Тамара же будет думать о том, как красива и поэтична их любовь.

Единственным средством избежать всех подводных камней, т. е. незнания, о чем с ней говорить, возвышенных разговоров и чтения стихов, — было вино. Имея это в виду, он в первую голову позаботился о вине.

В восемь часов Тамара пришла. Она остановилась посредине комнаты, взглянула на Кислякова из-под своей шляпки и обняла его обеими руками. От нее пахло осенним холодом. Он снял с нее жакет и усадил за стол на диван, где был приготовлен ужин. Он говорил ей ласковые слова, какие приходили в голову, гладил ее ноги и проявлял возможно больше оживления, чтобы как-нибудь не наскочить на долгий возвышенный разговор или не замолчать от незнания, о чем говорить.

— Наконец-то мы одни! — сказала Тамара. — Наконец-то можно поговорить, не оглядываясь.

— Только не очень громко, — сказал Кисляков, оглянувшись на стену.

Тамара, откинув голову назад, стряхнула набок свои стриженые, светлые, как лен, волосы, чтобы они образовали косой пробор, провела по ним рукой и сказала:

— Ты знаешь, я, кажется, начинаю отчаиваться. Сегодня опять была на бирже шесть часов, и — никакого толку. Я видела, каких ничтожеств берут. Потому что они умеют обращаться с людьми, а я еще не научилась.

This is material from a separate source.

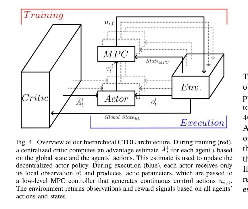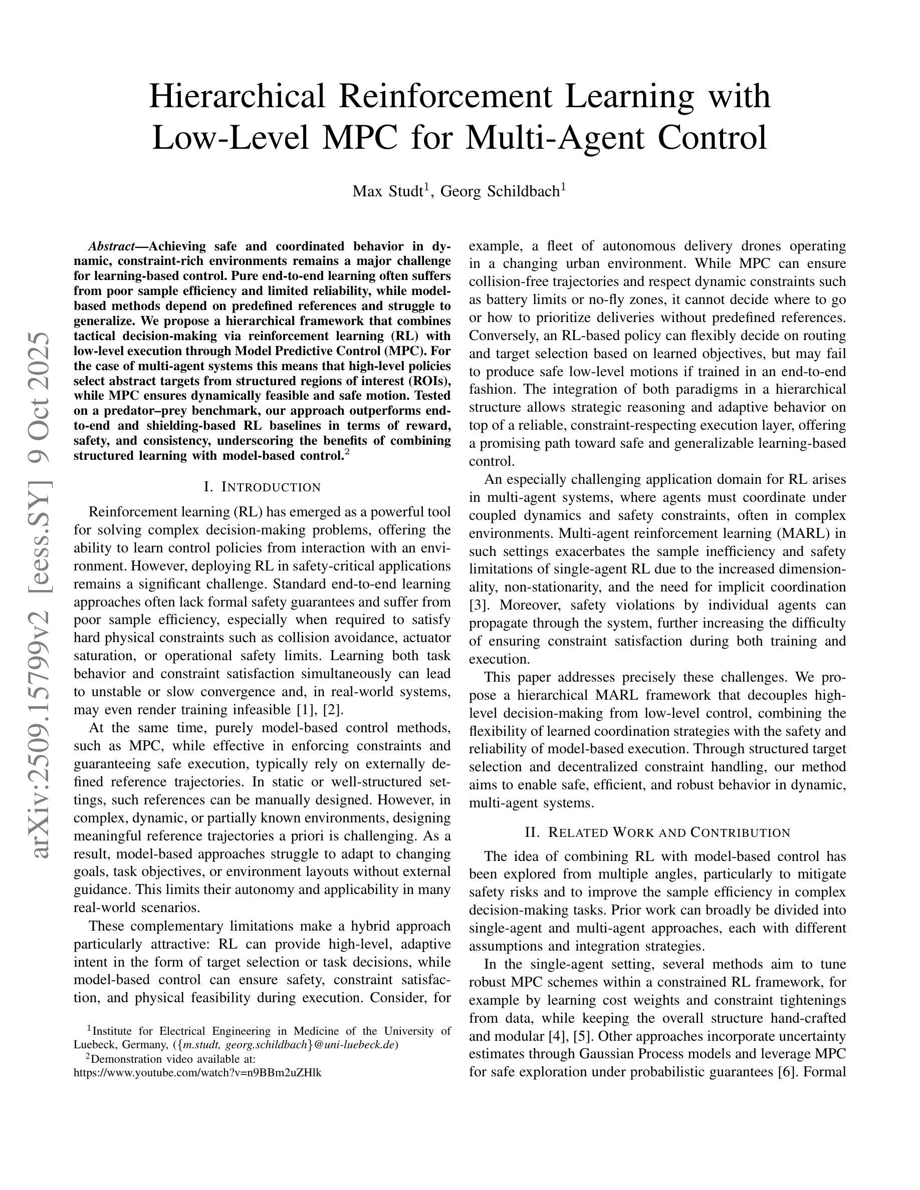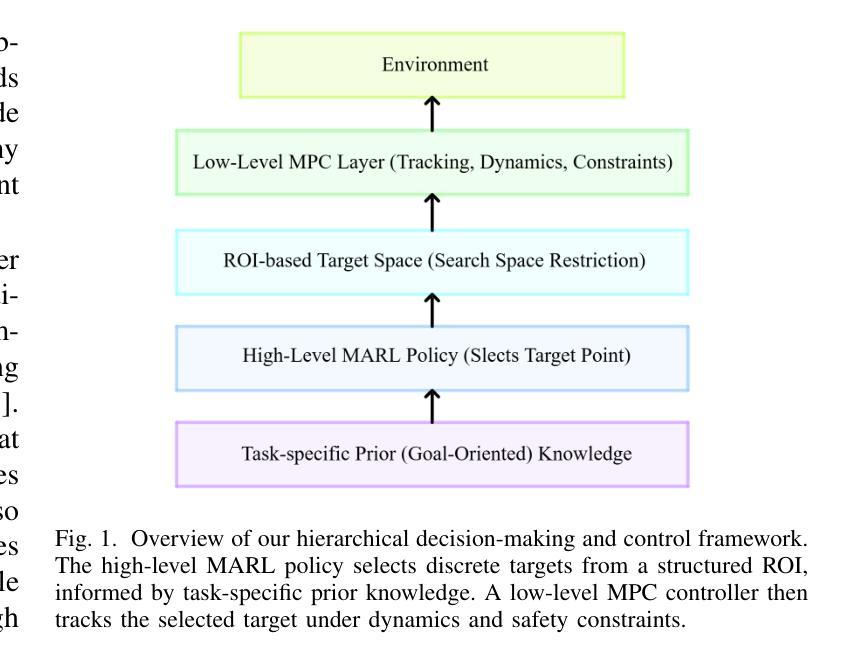 在动态、约束丰富的环境中实现安全和协调的行为仍然是基于学习的控制面临的一个主要挑战。纯端到端学习经常面临样本效率低和可靠性有限的问题,而基于模型的方法依赖于预先定义的参考,并且在泛化方面遇到困难。我们提出了一种层次框架,它通过强化学习(RL)进行战术决策,并通过模型预测控制(MPC)进行低级执行。在多智能体系统的情况下,这意味着高级策略从结构化感兴趣区域(ROI)中选择抽象目标,而MPC确保动态可行和安全运动。在捕食者-猎物基准测试上进行的测试表明,我们的方法在奖励、安全性和一致性方面优于端到端和基于屏蔽的RL基准测试,这突出了将结构化学习与基于模型的控制相结合的好处。

Кисляков налил вина. Так как стаканов не было, потому что Елена Викторовна ключи от верхней половины буфета увезла с собой, то пришлось обоим пить из чайной чашки, у которой вдобавок была отбита ручка.

— И какие подлецы, — сказала вдруг Тамара, сжав голову обеими руками и покачивая ею.

— Ты о ком?

— Так, вообще о людях.

Кисляков невольно подумал, уж не его ли она имеет в виду.

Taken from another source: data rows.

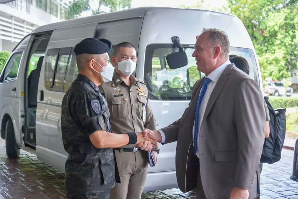 โดยมี Mr.Danial Lamm เจ้าหน้าที่ฝ่ายความร่วมมือด้านการบังคับใช้กฎหมาย และยาเสพติด สถานเอกอัครราชฑูตสหรัฐอเมริกาประจำประเทศไทย ซึ่งได้มีวิทยากร, ครูฝึก, ผู้เข้ารับการฝึก และเจ้าหน้าที่ที่เกี่ยวข้องเข้าร่วมพิธี
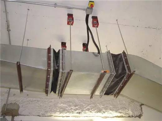 9、閥門等部件要與風管同時組對一起吊裝,調(diào)節(jié)閥等安裝在便于操作位置,防火閥是系統(tǒng)安全裝置,有水平、垂直、左、右式區(qū)別,安裝時不得弄錯,為防止易熔片脫落,安裝時格外小心,當安裝在垂直氣流風道中的防火閥時,易熔片一端必須向關(guān)閉方向傾斜5度。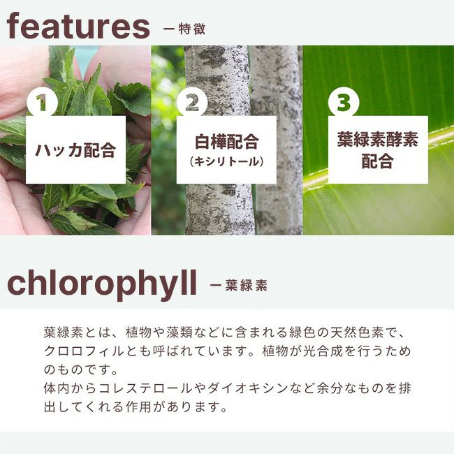■素材:白樺 / ハッカ / 葉緑素

Тамара увидела на столе его кавказский кинжал, которым он срезывал свинцовые головки с бутылок, и, взяв его, спросила:

— Это настоящий кинжал?

— Конечно, настоящий.

— Им можно убить человека?

— Можно, конечно, если попадешь в сердце.

— А где сердце?

— Вот здесь, — ответил Кисляков, показав ей точку под левой грудью.

Тамара вздохнула и отложила кинжал.

— Как хочется жизни! Красивой и полной жизни! Весь ужас в том, что ничего нет! — сказала она опять, сжав голову руками. — Ничего!

— Чего у тебя нет?

— Я не знаю, как это выразить.

Не зная, что делать, но чувствуя, что дело повернуло на возвышенное, Кисляков налил ей еще вина в чашку с отбитой ручкой. В самом деле: что он мог сделать, когда в нем самом ничего не было?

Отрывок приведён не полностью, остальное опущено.